**Required action:**
Of all the entries below, only the lines from the one with "的了解中也体会到了身为学长学" up to and including the one with "最是书香能致远,腹有诗书气自" are to be duplicated exactly.

------ Data provided

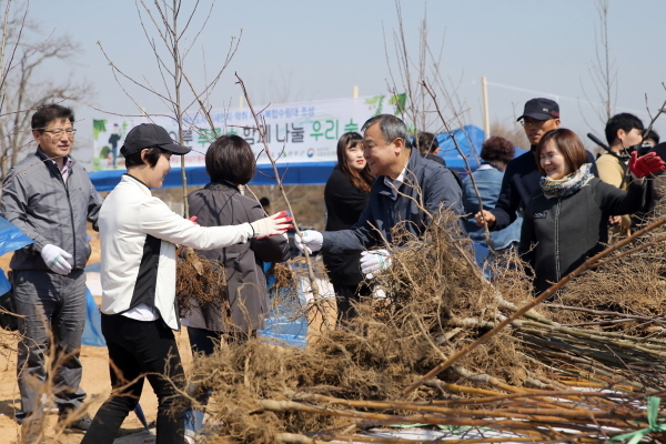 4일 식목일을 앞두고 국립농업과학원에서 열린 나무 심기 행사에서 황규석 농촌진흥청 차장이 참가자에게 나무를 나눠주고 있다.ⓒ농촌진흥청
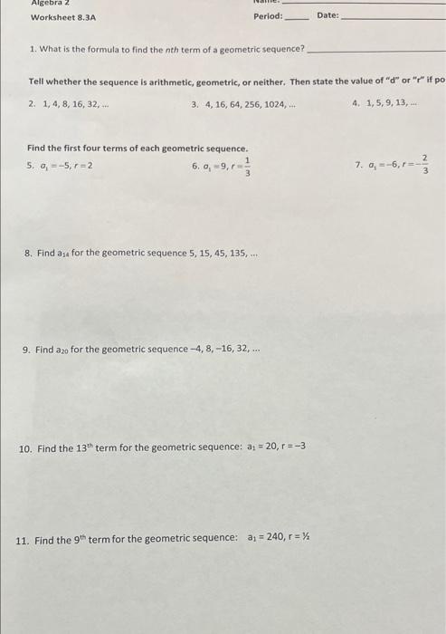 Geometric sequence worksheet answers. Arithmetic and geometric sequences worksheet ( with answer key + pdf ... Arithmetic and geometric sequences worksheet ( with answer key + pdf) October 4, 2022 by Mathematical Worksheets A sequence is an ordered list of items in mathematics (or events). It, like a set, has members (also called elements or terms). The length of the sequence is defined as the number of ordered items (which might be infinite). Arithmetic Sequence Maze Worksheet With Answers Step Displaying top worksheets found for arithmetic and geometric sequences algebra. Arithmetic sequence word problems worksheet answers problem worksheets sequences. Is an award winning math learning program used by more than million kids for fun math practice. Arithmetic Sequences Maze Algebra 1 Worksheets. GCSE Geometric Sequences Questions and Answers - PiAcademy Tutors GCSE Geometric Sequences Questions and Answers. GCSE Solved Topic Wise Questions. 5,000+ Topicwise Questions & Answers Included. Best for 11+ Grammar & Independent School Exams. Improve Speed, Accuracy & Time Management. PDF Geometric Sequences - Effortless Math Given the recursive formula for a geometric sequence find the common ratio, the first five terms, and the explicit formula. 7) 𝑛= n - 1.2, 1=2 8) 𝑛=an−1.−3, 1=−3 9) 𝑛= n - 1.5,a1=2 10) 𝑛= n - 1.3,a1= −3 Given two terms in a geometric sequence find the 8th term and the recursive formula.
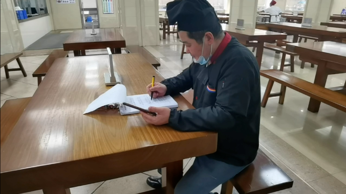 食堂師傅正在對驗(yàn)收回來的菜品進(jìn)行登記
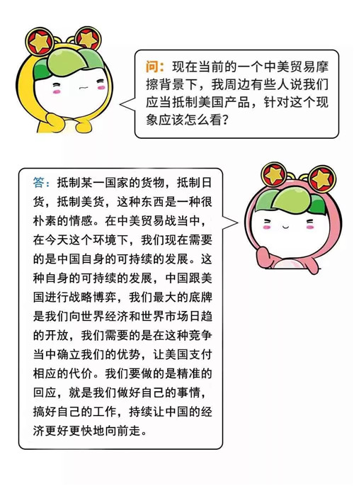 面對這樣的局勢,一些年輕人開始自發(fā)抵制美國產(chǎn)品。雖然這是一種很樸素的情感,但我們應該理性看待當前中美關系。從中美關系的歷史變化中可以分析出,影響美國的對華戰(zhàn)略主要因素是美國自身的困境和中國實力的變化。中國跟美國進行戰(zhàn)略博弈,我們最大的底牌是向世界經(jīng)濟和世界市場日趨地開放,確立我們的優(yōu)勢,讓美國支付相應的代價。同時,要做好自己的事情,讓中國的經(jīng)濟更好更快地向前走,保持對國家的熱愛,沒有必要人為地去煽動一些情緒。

------------
------ Data provided

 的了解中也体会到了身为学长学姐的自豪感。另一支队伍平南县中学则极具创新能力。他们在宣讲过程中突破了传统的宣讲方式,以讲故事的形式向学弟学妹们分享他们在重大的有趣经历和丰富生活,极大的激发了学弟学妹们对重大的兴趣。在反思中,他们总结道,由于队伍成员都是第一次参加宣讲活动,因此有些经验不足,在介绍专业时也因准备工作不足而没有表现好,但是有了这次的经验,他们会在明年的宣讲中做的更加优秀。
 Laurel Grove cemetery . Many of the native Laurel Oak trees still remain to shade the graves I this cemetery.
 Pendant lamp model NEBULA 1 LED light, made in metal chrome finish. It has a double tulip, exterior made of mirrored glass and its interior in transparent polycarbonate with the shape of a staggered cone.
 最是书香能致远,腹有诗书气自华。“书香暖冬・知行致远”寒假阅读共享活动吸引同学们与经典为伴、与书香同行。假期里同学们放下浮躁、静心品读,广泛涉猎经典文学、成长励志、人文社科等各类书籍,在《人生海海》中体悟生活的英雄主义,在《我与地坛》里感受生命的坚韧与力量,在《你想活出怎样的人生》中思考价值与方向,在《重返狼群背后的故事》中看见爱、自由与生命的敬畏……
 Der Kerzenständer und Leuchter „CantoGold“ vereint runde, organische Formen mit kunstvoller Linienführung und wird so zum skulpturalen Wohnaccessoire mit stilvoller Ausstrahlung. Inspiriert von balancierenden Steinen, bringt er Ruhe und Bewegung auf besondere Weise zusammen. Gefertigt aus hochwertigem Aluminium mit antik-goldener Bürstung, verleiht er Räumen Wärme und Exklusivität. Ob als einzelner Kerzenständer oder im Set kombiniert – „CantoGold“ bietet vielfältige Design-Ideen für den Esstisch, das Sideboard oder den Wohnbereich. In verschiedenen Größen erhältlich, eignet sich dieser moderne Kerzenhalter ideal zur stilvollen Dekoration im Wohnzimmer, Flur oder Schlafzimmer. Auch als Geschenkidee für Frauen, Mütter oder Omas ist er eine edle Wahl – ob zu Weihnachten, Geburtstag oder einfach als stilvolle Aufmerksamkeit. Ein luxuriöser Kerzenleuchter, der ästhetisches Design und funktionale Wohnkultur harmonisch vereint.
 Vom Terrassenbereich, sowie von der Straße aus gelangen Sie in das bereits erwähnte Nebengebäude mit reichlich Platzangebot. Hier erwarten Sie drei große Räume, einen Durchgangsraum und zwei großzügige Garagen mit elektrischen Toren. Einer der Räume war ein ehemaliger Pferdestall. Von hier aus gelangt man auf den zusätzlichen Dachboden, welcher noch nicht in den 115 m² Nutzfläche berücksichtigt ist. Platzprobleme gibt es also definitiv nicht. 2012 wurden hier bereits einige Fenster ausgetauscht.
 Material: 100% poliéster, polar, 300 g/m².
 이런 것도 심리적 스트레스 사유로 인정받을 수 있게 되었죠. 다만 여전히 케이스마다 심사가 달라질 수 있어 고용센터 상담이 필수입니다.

------------
------ Data provided

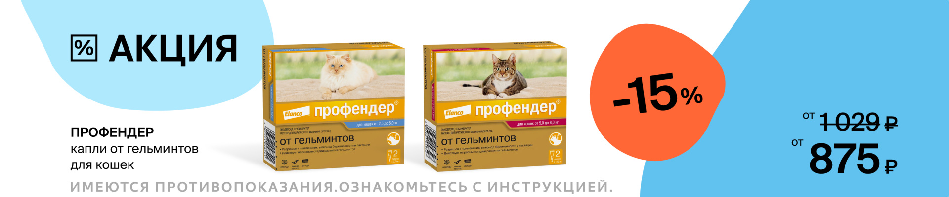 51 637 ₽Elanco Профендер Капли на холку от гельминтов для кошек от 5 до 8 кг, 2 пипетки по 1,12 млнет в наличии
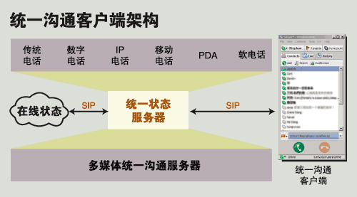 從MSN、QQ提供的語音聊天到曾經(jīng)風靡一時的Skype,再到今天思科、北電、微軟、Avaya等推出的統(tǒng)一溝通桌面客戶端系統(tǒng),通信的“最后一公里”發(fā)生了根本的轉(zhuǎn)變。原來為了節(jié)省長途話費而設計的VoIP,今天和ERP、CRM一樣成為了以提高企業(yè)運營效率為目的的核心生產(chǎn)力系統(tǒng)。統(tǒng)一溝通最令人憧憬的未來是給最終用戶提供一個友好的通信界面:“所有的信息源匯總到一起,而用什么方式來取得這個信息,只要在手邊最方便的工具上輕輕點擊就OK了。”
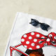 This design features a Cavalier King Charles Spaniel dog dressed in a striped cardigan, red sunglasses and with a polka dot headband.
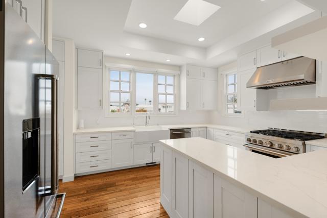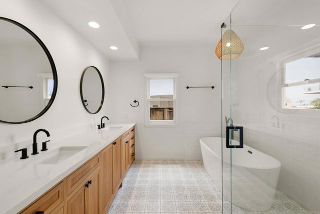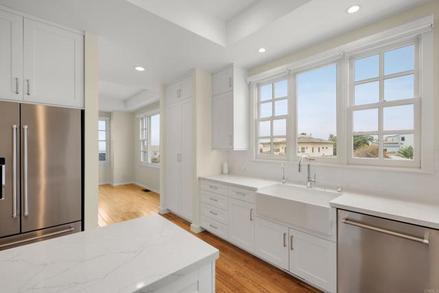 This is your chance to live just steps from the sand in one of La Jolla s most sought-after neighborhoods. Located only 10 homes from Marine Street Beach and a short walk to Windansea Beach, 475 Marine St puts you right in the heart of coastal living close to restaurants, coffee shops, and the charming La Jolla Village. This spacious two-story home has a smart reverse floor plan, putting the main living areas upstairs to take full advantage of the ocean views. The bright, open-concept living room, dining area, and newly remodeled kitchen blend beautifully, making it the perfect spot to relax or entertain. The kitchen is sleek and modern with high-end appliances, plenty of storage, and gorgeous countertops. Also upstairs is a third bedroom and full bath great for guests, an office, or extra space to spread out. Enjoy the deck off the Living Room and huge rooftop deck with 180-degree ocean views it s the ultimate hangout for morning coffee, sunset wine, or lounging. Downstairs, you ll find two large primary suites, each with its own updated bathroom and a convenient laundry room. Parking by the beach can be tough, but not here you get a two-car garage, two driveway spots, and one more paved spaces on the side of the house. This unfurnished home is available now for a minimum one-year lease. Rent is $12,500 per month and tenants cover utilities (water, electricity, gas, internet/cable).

------------

**Solved exercise:**
 的了解中也体会到了身为学长学姐的自豪感。另一支队伍平南县中学则极具创新能力。他们在宣讲过程中突破了传统的宣讲方式,以讲故事的形式向学弟学妹们分享他们在重大的有趣经历和丰富生活,极大的激发了学弟学妹们对重大的兴趣。在反思中,他们总结道,由于队伍成员都是第一次参加宣讲活动,因此有些经验不足,在介绍专业时也因准备工作不足而没有表现好,但是有了这次的经验,他们会在明年的宣讲中做的更加优秀。
 Laurel Grove cemetery . Many of the native Laurel Oak trees still remain to shade the graves I this cemetery.
 Pendant lamp model NEBULA 1 LED light, made in metal chrome finish. It has a double tulip, exterior made of mirrored glass and its interior in transparent polycarbonate with the shape of a staggered cone.
 最是书香能致远,腹有诗书气自华。“书香暖冬・知行致远”寒假阅读共享活动吸引同学们与经典为伴、与书香同行。假期里同学们放下浮躁、静心品读,广泛涉猎经典文学、成长励志、人文社科等各类书籍,在《人生海海》中体悟生活的英雄主义,在《我与地坛》里感受生命的坚韧与力量,在《你想活出怎样的人生》中思考价值与方向,在《重返狼群背后的故事》中看见爱、自由与生命的敬畏……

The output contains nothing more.